Failure to Follow Infection Control Protocols for EBP and Equipment Cleaning
Penalty
Summary
The facility failed to adhere to CDC guidelines and its own policies regarding infection prevention and control, specifically in the application of Enhanced Barrier Precautions (EBP) and the handling of medical equipment. In one instance, a resident with a history of cerebral infarction, hemiplegia, diabetes, and pleural effusion received nebulizer therapy from an LPN who, after administering the treatment, placed the used nebulizer mask back into a plastic bag without cleaning or disinfecting it as required by facility policy. The LPN did not follow the procedure of rinsing, drying, and storing the equipment properly after use, and did not clean the equipment even after being observed for an extended period post-treatment.

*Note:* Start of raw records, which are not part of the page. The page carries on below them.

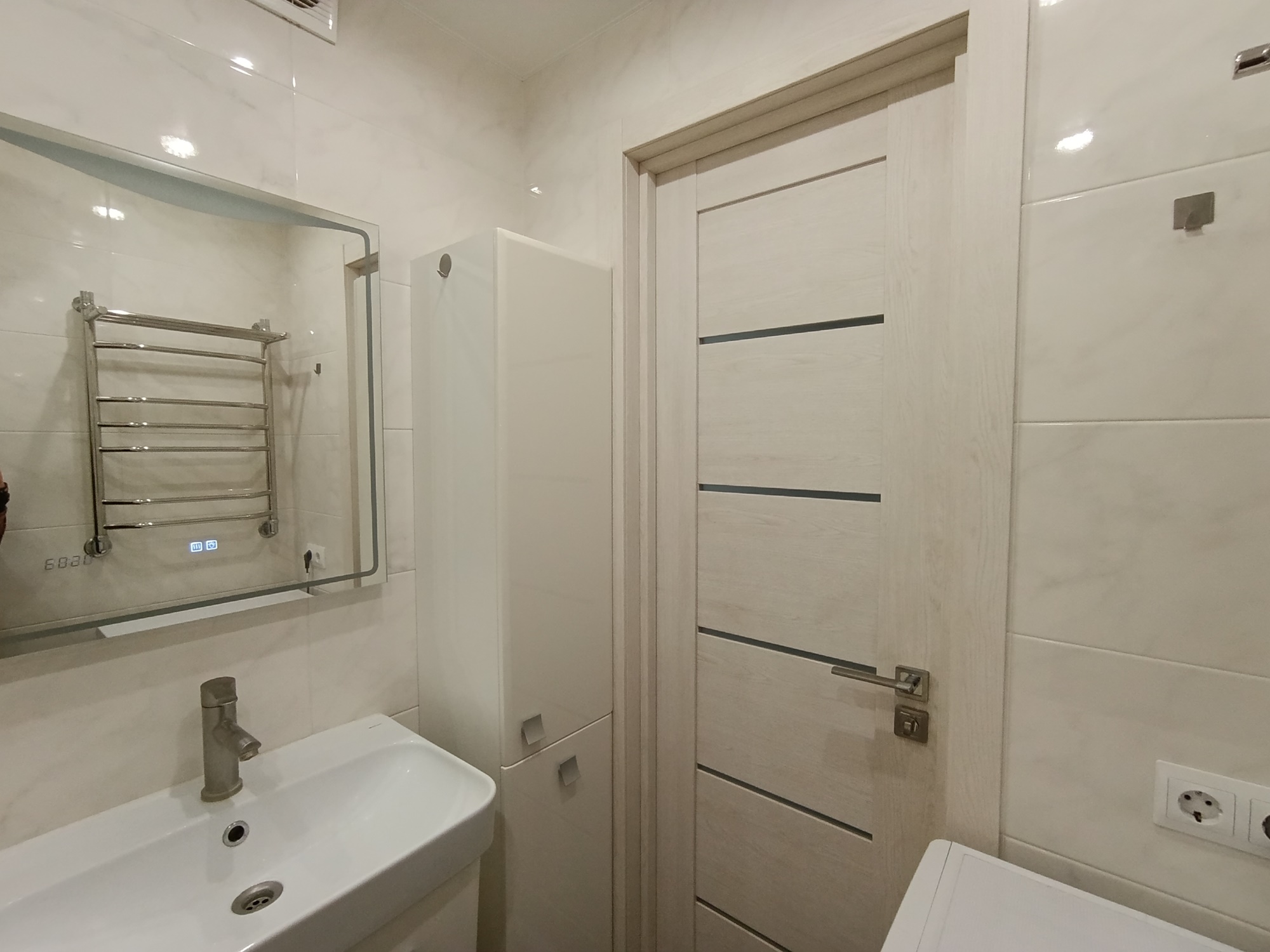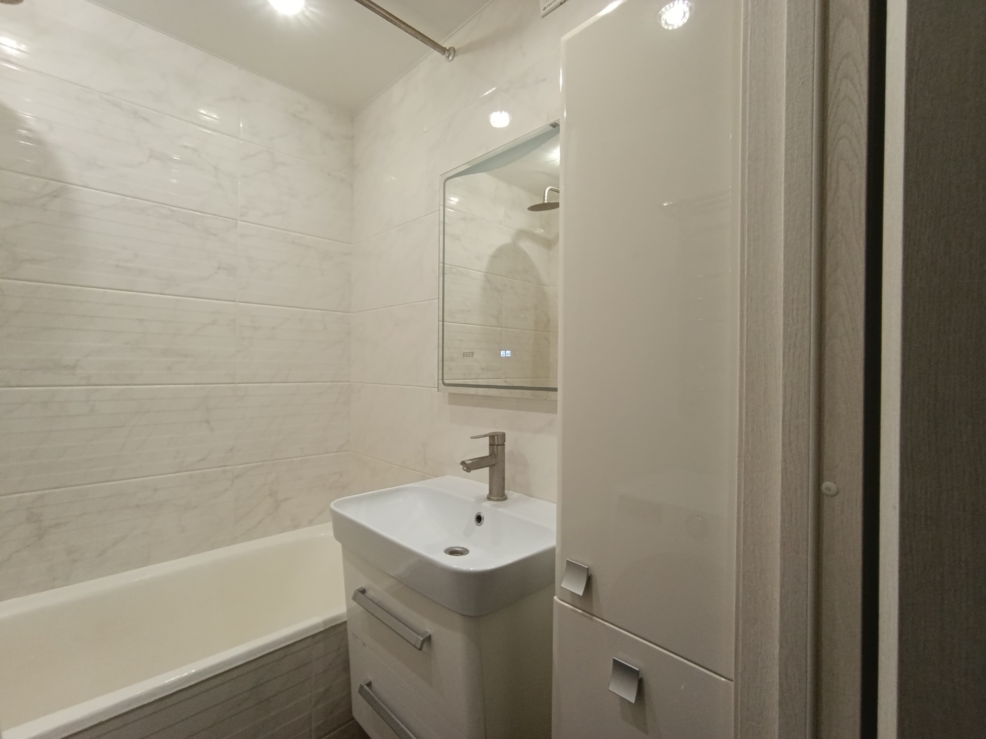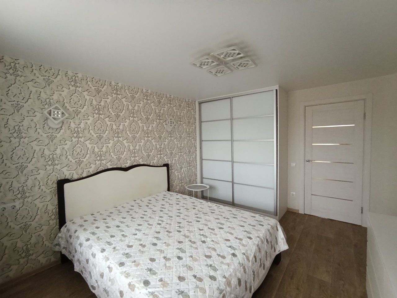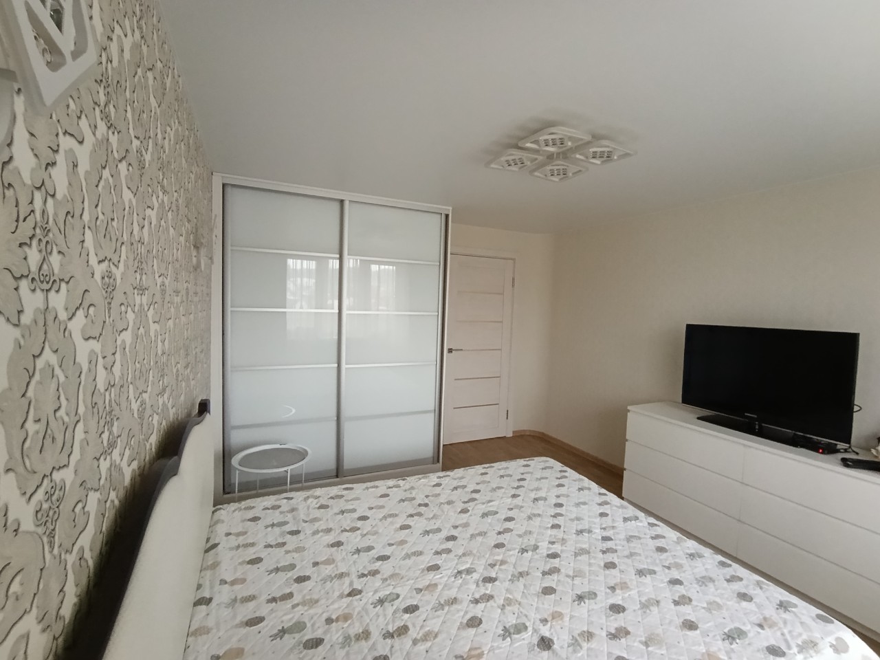 Отличный современный ремонт. Металлическая входная дверь, межкомнатные двери МДФ, натяжные потолки, шкаф-купе, встроенная кухня, стеклопакеты ПВХ застеклены окна в квартире и две лоджии.
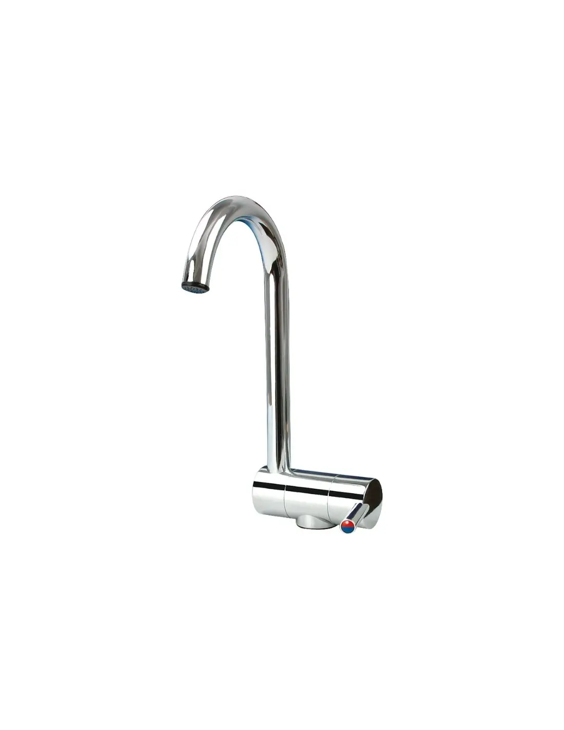 Modello Trend rubinetteria di design con interruttore e collo altro con bocca orientabile verticalmente. Altezza complessiva ridotta di 4 cm per l'installazione in lavelli con piano in vetro.
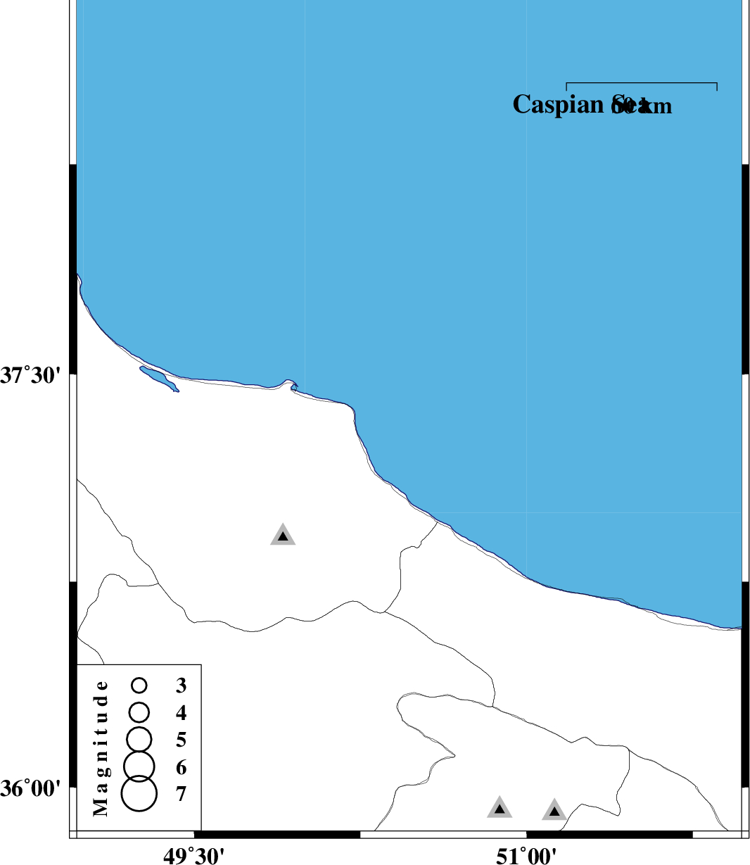 | 2011/03/11 | 16:38:28.6 | 20:08:28.6 | 37.34 | 50.47 | 38 | ML:3.1 | Caspian Sea, 28 km North-East of Rudsar |
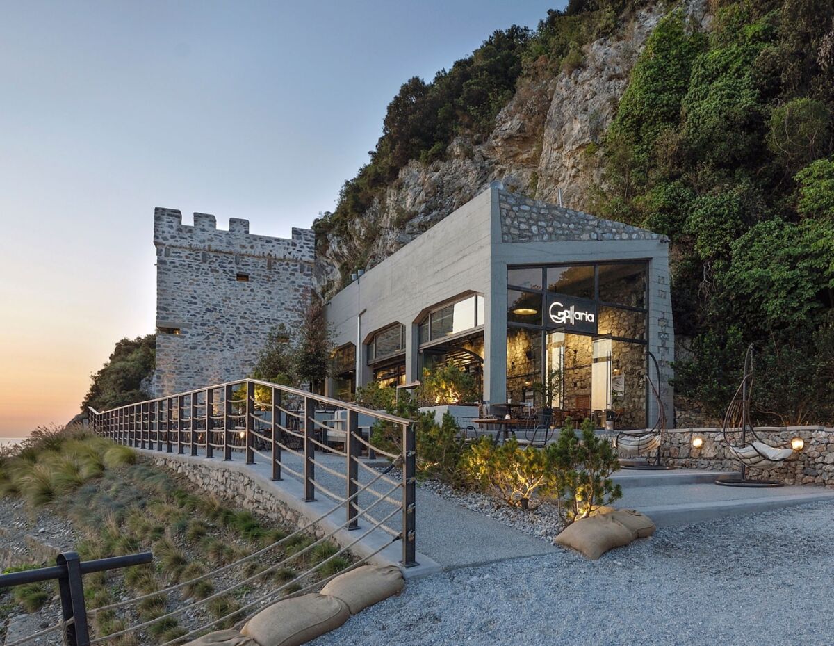 Ο πύργος αυτός, μισοπεσμένος, αξιοποιήθηκε επίσης και σήμερα στέκει ξανά όρθιος να θυμίζει άλλες εποχές. Ένα από τα ατού του χώρου είναι η θάλασσα που σκάει ακριβώς μπροστά στο Gallaria.
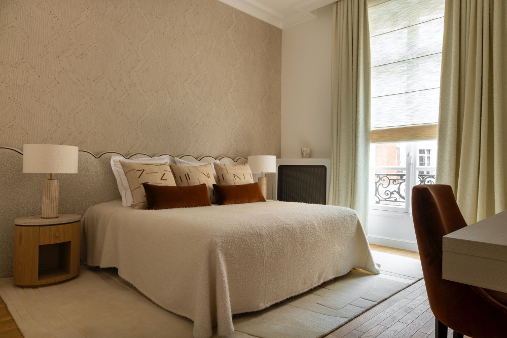 • sypialnia w luksusowym apartamencie w Paryżu projektu Stephanie Coutas
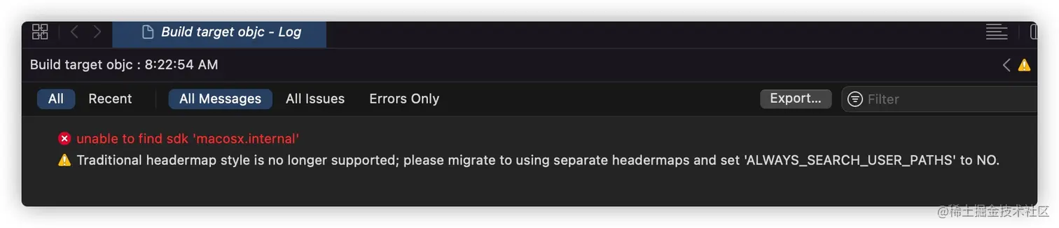 问题:编译objc源码的时候遇到Xcode error: unable to find sdk 'macosx.internal'
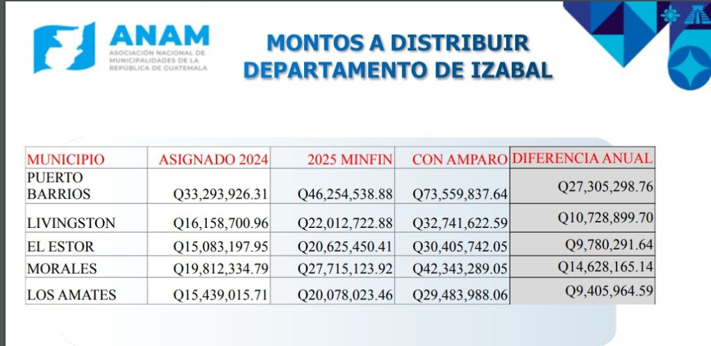 Este es un ejemplo de los montos que deberían recibir, por ejemplo, las municipalidades de Izabal:
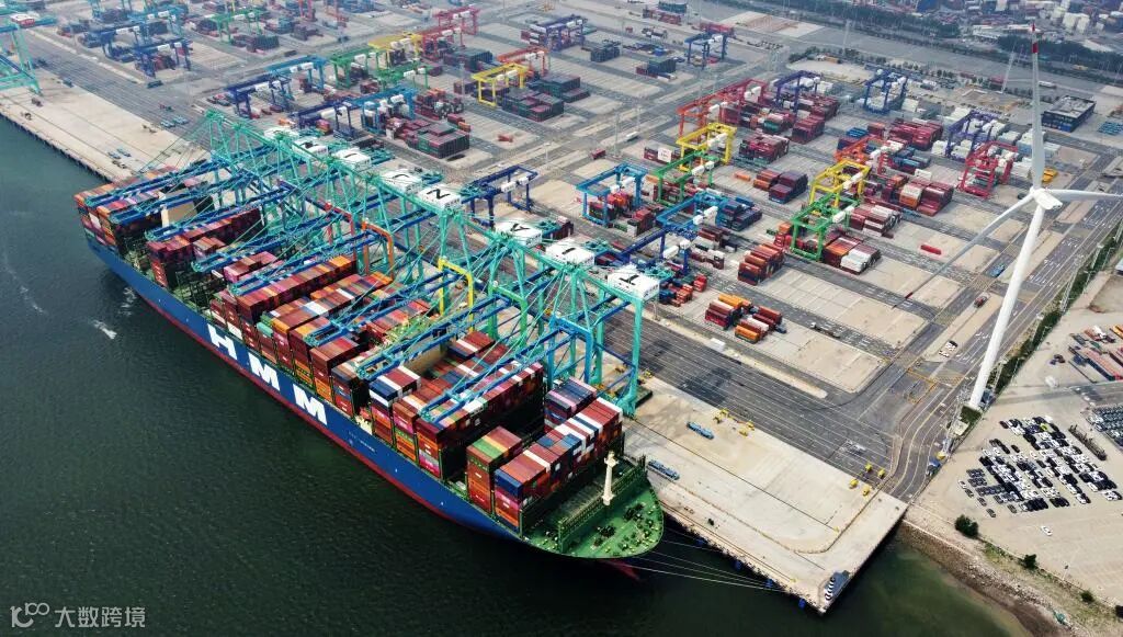 7月7日,一艘货轮停靠在天津港“智慧零碳”码头(无人机照片)。(新华社记者赵子硕摄)
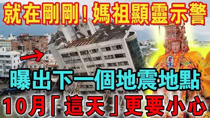 就在剛剛!媽祖顯靈發出緊急警告,下一個「大地震地點」!10月「這天」更要小心!
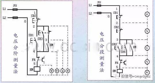 检查电力拖动控制线路时,把万用表选择开关转到500V交流电压档上。电压测量方法可分为分阶段测量法和分段测量法,如下图所示。
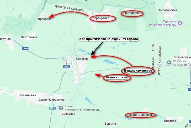 В последние дни российские войска на данном направлении активизировались, продолжая попытки охватить Северск с северного фланга от Серебрянки. Основное наступление, как и прежде, идет со стороны Верхнекаменского, где наши подразделения практически вышли на окраины города.
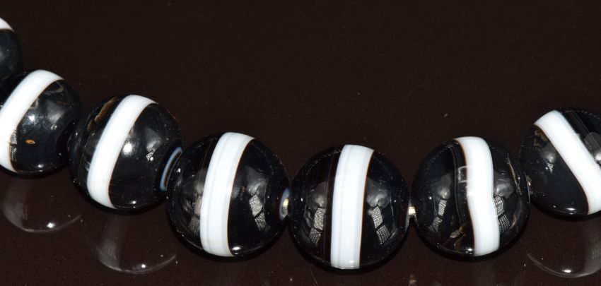 A necklace made up of graduated banded agate beads, largest bead 18mm, smallest 10mm, 180g, 60cm

Another deficiency involved a resident with partial arterial traumatic amputation, diabetes, peripheral vascular disease, immunodeficiency, and a local skin infection, who was under EBP. During a blood glucose monitoring procedure, an LPN failed to perform hand hygiene before entering the resident's room, placed uncleaned supplies on the resident's meal table without disinfecting it, and did not allow the alcohol to dry before pricking the resident's finger. The LPN also brought a whole container of glucose strips into the room, used it during the procedure, and then returned it to the medication cart without disinfecting it, contrary to both CDC guidelines and facility policy. The LPN also failed to disinfect the resident's table after the procedure and did not discard supplies that should not be reused. Additionally, the Assistant Director of Nursing (ADON) entered the EBP resident's room without performing hand hygiene, despite clear signage indicating EBP protocols. The ADON admitted to not following hand hygiene protocols, even though he was aware of the EBP status. The Infection Preventionist confirmed that reusable supplies should not be brought into EBP rooms and that any such items must be discarded if they enter the room. The Director of Nursing (DON) was informed of the improper handling of the glucose strip container but did not take immediate corrective action. These actions and inactions demonstrate a failure to implement and follow infection prevention and control protocols as required.